:: Records for the task ::
+++

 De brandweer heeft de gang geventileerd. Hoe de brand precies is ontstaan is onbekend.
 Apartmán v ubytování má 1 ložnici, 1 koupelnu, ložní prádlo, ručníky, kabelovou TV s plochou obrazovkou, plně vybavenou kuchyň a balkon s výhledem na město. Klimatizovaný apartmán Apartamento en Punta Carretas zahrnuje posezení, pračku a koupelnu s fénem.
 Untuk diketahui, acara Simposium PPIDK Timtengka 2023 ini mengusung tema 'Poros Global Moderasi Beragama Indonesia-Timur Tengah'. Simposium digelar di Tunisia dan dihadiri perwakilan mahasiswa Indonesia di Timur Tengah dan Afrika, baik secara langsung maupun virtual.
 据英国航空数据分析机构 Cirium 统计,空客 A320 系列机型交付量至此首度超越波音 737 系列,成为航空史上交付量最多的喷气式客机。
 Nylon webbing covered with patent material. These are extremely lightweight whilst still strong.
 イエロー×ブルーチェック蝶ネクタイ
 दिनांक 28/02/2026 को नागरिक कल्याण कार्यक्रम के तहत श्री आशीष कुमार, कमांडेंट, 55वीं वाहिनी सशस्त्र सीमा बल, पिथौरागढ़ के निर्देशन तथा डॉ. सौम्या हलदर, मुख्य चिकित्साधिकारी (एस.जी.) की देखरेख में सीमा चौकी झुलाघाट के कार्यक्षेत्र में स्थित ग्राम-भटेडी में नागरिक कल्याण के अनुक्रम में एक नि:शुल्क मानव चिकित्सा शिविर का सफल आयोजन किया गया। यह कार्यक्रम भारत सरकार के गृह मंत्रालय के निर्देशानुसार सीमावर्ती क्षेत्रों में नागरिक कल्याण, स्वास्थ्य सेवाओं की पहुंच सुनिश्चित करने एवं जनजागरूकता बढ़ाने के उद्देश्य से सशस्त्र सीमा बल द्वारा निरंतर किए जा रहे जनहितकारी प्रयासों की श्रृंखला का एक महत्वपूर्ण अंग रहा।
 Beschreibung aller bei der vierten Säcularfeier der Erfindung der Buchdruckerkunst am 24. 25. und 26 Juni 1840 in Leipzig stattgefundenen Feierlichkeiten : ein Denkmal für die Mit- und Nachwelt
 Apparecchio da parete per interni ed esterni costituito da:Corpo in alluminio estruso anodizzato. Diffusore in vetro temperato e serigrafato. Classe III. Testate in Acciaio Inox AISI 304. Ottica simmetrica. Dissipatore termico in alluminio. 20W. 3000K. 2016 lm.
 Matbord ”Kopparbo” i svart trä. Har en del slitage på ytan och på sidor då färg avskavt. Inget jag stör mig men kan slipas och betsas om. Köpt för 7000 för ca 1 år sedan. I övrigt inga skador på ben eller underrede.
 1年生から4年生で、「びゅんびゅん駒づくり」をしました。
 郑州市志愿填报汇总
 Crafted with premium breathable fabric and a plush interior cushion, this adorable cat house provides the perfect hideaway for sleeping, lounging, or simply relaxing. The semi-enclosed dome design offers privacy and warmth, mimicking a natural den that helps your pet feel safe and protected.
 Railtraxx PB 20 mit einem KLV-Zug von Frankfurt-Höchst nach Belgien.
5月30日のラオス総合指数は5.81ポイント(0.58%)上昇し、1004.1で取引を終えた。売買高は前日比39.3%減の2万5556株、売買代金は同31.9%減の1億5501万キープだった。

+++

:: What is expected ::
Find the line with "1年生から4年生で、「びゅんびゅん駒づくり」をしました。" in the data above. Restate it and all later lines word for word, ending with the last line.

:: Answer section ::
 1年生から4年生で、「びゅんびゅん駒づくり」をしました。
 郑州市志愿填报汇总
 Crafted with premium breathable fabric and a plush interior cushion, this adorable cat house provides the perfect hideaway for sleeping, lounging, or simply relaxing. The semi-enclosed dome design offers privacy and warmth, mimicking a natural den that helps your pet feel safe and protected.
 Railtraxx PB 20 mit einem KLV-Zug von Frankfurt-Höchst nach Belgien.
5月30日のラオス総合指数は5.81ポイント(0.58%)上昇し、1004.1で取引を終えた。売買高は前日比39.3%減の2万5556株、売買代金は同31.9%減の1億5501万キープだった。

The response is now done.